これらの主要機関に対し、より具体的な問題に取り組むのが専門・補助機関です。国際連盟から継承された「国際労働機関」のほか、世界の教育や文化の発展・推進を目指して世界遺産の登録などをおこなう「国連教育科学文化機関(UNESCO)」や、子どもの権利向上や、途上国・紛争発生地の子ども支援をおこなう「国連児童基金(UNICEF)」、国際通貨の安定を図る「国際通貨基金(IMF)」などがあります。

このように国際連合の活動は多岐にわたりますが、いずれも先述した「国際連合憲章」の理念を実現するために実施されています。

 

国際連合へ日本が加盟した経緯

 

第二次世界大戦中、日本はドイツやイタリアとともに「枢軸国」を形成し、約3年半にわたって「連合国」と戦い続けました。しかし1945年9月2日に「ポツダム宣言」に調印し、アメリカを中心とする連合国に占領され、国家主権を失います。

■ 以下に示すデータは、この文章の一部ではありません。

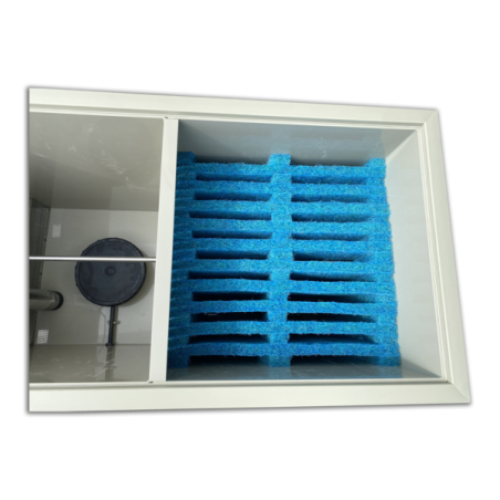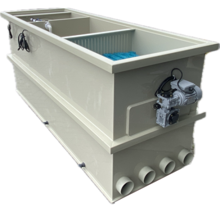 Les biochambres ont une capacité de 400 litres pour le matériau de lit mobile (non fourni) et 5 m² de tapis filtrants japonais sont inclus.
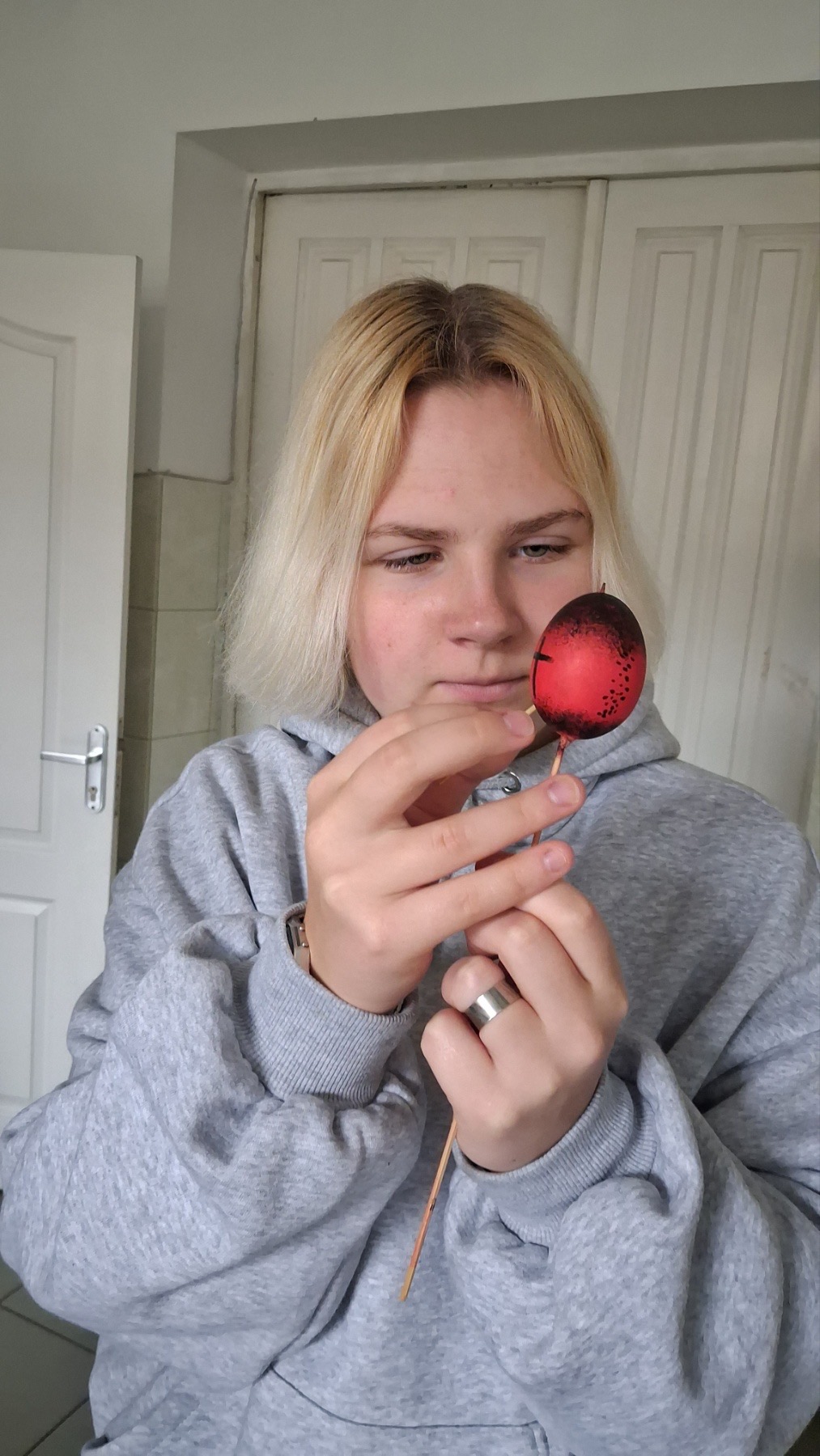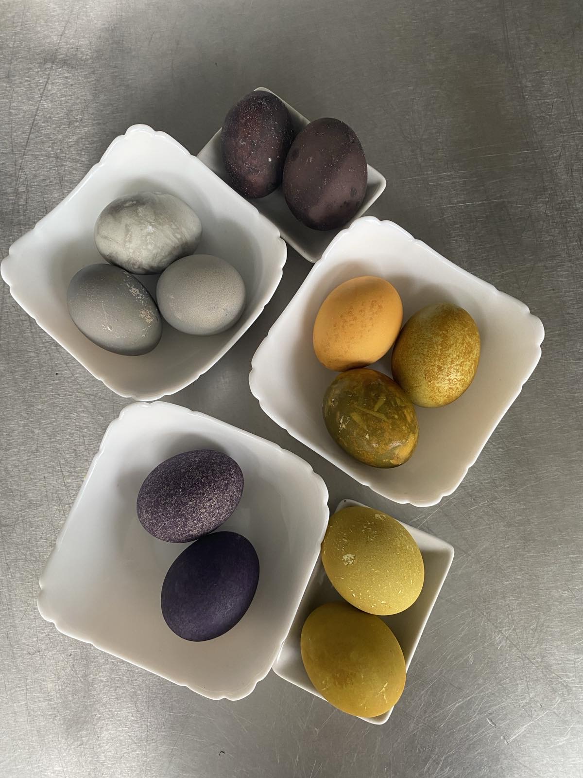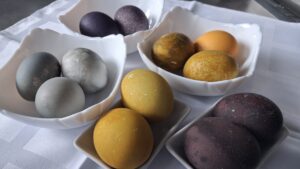 Після теоретичної частини розпочалася справжня магія експерименту. Під керівництвом викладачів здобувачі освіти випробовували силу природних барвників, відмовившись від будь-яких штучних пігментів на користь натуральних продуктів. Куркума дарувала яйцям сонячно-золоті відтінки, а червоне вино створювало глибокі мерехтливі кольори з ефектом кристалізації. Чай каркаде дивував палітрою від ніжно-сірого до насиченого космічного синього, а відвар червоної капусти давав неймовірні небесні відтінки.

このような状況だったため、当初日本は国際連合に加盟することはできませんでした。

日本が加盟を目指すようになったきっかけは、1951年に第二次世界大戦の講和条約である「サンフランシスコ平和条約」を締結したことです。前文において「国際連合への加盟を申請し、且つあらゆる場合に国際連合憲章の原則を遵守」することを宣言。これに対して連合国側も「日本国の意思を歓迎する」としました。

翌1952年4月に「サンフランシスコ平和条約」が発効されると、日本は主権を回復、同年6月に国際連合への加盟を申請することになります。

しかし当時は冷戦が激化していた時期で、「サンフランシスコ平和条約」は中国やソ連などとは締結しない「片面講和」となりました。ソ連は拒否権を行使し、日本の加盟は実現されませんでした。

その後の日本は、1955年に鳩山一郎内閣が「アジア・アフリカ会議」に参加して国際協調をアピールしたほか、1956年には「日ソ共同宣言」を結んでソ連との国交再開に成功。その結果、1956年の12月に国際連合への加盟が実現しました。1933年に国際連盟を脱退して以来、実に23年ぶりに国際社会に復帰したのです。

 

国連憲章にもとづいて全体像をまとめた一冊

著者
植木 安弘
出版日
2018-02-13

 

本書は、国際連合に関わる必要事項を網羅し、その全体像をわかりやすくまとめた作品です。

国際連合が果たしてきた役割や実績について、実際の事例をもとに解説がなされています。学校の授業で習う程度の知識があれば十分に読み解くことができる、初心者にもおすすめの一冊です。

 

国際連合大使として活動した作者が提言する、日本の関わり方

著者
北岡 伸一
出版日
2007-05-01

 

作者の北岡伸一は、2004年から2006年にかけて外務省に出向し、「国際連合日本政府代表部」の次席代表・特命全権大使を務めた人物です。本書はその時の経験をもとに、特に「安全保障理事会」の意思決定プロセスを取りあげて解説しています。

今後の国際連合との関わり方や、日本が「常任理事国」入りを目指す必要性について作者の主張がまとめられていて、そちらも注目です。